Jeanie shook her head. ‘I say I can’t with one breath, and with the next I can’t resist you . . .’

He smiled at that, but it was a nervous smile. ‘But . . .’ he offered.

‘But what will happen next? We meet for a drink, we want more. In the end we have more. What then?’

Ray smiled. ‘I can’t answer that, Jeanie.’

‘It isn’t funny.’

‘It may not be, but it doesn’t feel like a disaster either . . . does it?’

Jeanie shook her head, unable to think about it any more. She looked at her watch. ‘I’ve got to get back in a minute. Can we talk about something else? Something normal, like . . .’

They looked at each other and began to laugh.

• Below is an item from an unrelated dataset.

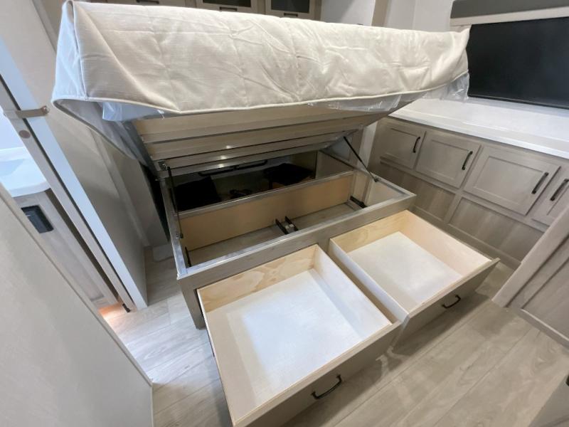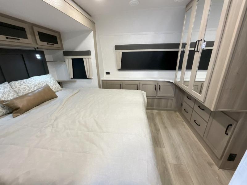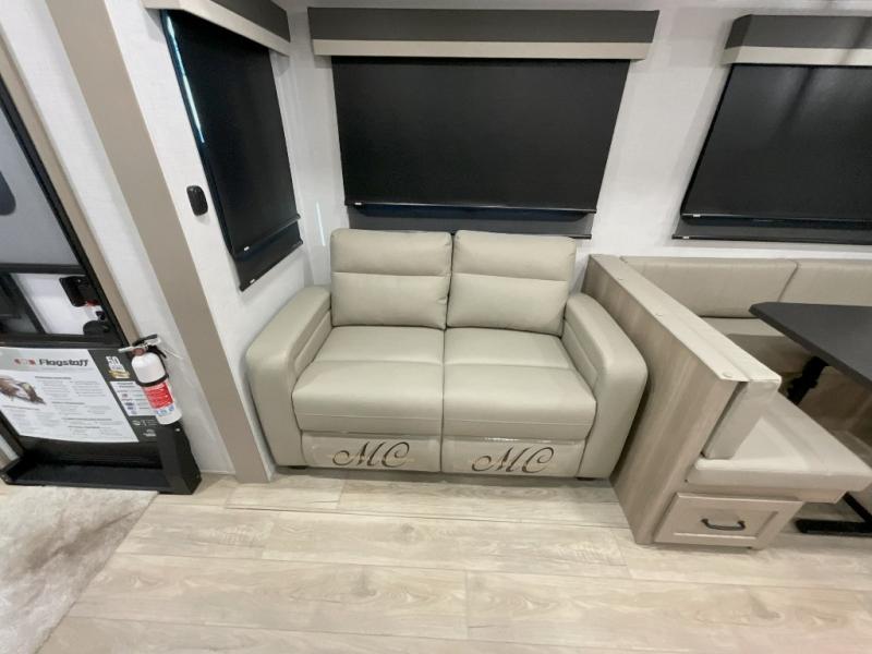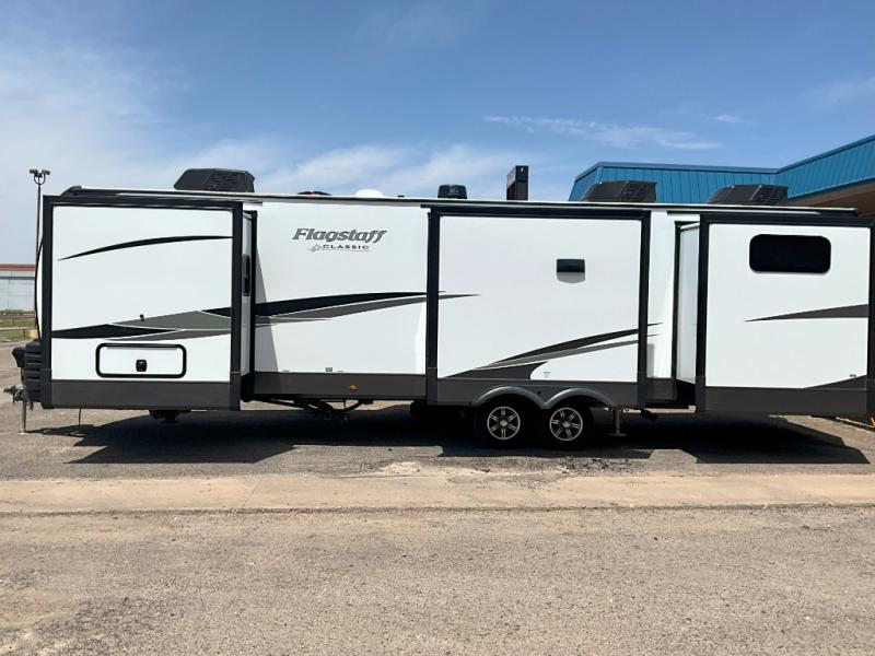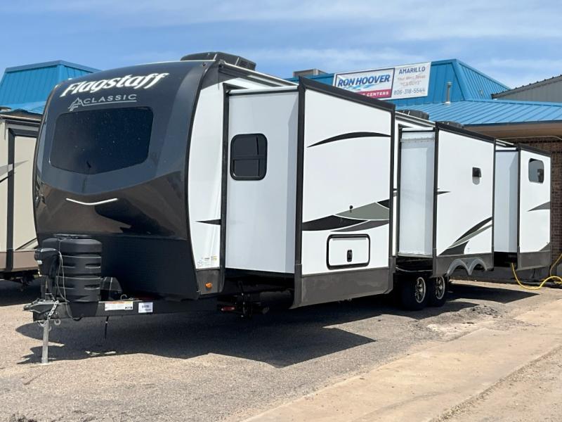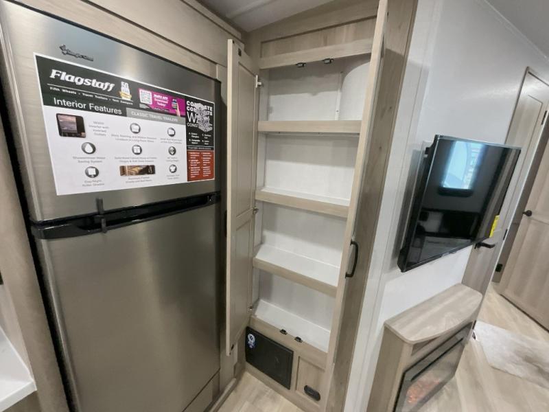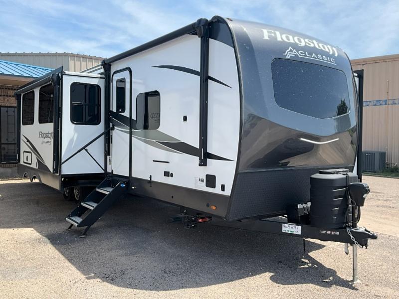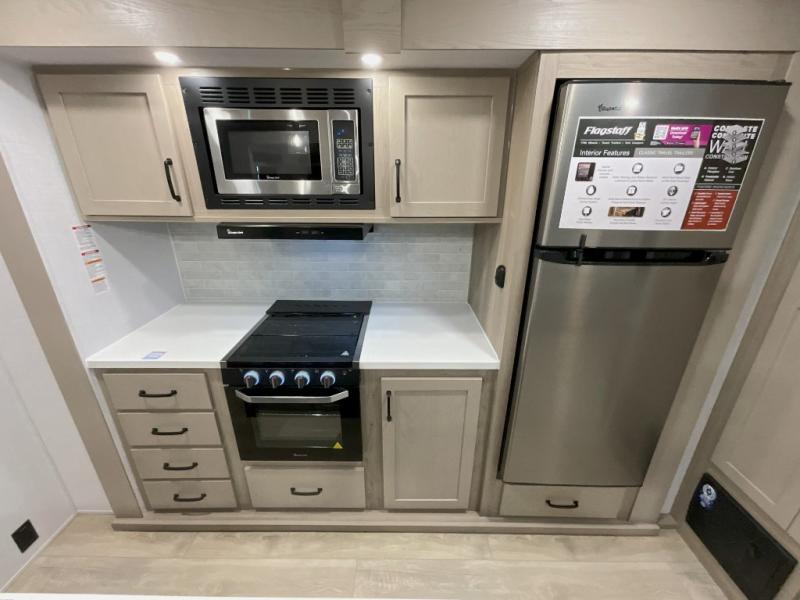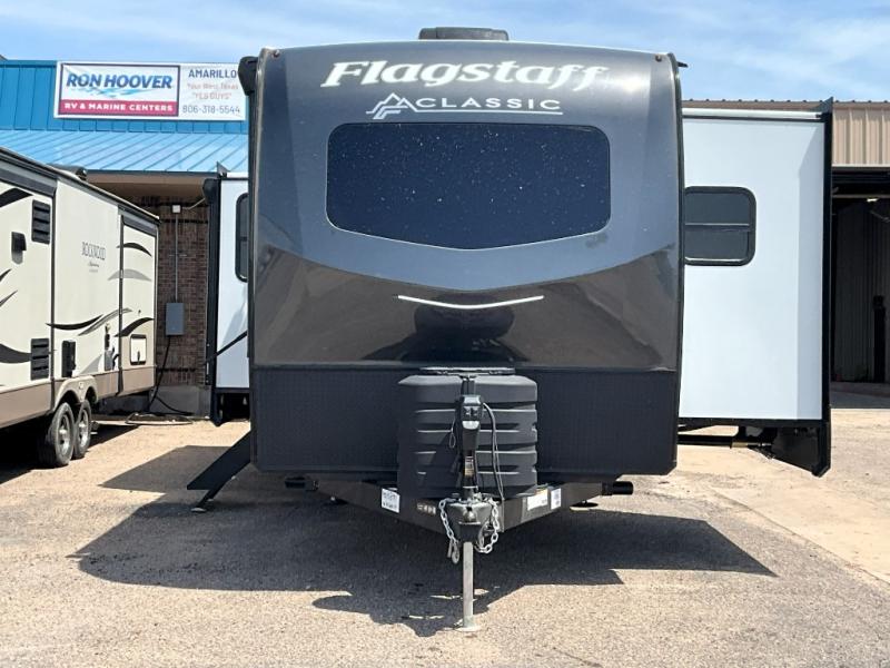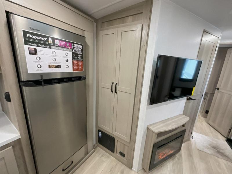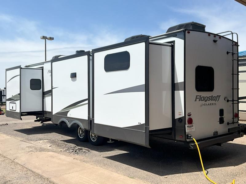 Each one of these Forest River Flagstaff Classic fifth wheels or travel trailers will be your home on wheels! Their quality craftsmanship and attention to detail shines through the surface-coated steel I-beam frame on fifth wheels, the enclosed underbelly, the radius roof with vaulted interior ceilings, and six-sided fully aluminum-framed floor, walls, and roof. Towing your unit will be easy with the torsion axle, Rubber-Ryde suspension, and nitrogen-filled Goodyear Endurance tires. You will even reduce your use of water with the Showermiser water saving system in the bathroom. A few other convenient features you will enjoy include a control panel with WeRV app control, a designer headboard and bedding, and an outside shower with hot and cold water. Come choose your favorite one today!

‘Politics or the weather isn’t doing it for me. All I want to do is kiss you.’ Ray raised his eyebrows in question.

She looked around, panicky. ‘Not here.’

‘Where, then?’

‘We’re too old to kiss in public.’

Ray chuckled. ‘I reckon most people are. That certainly limits the options in the middle of Chinatown, though.’ He waved at the girl to bring the bill.

‘So in theory,’ he whispered, ‘would you like to kiss me?’

Holding his gaze, Jeanie felt a wave of desire which, against her will, produced a small gasp. Ray’s face told her he didn’t need more of an answer.

12
 

‘We could put the piano in here, for Ellie.’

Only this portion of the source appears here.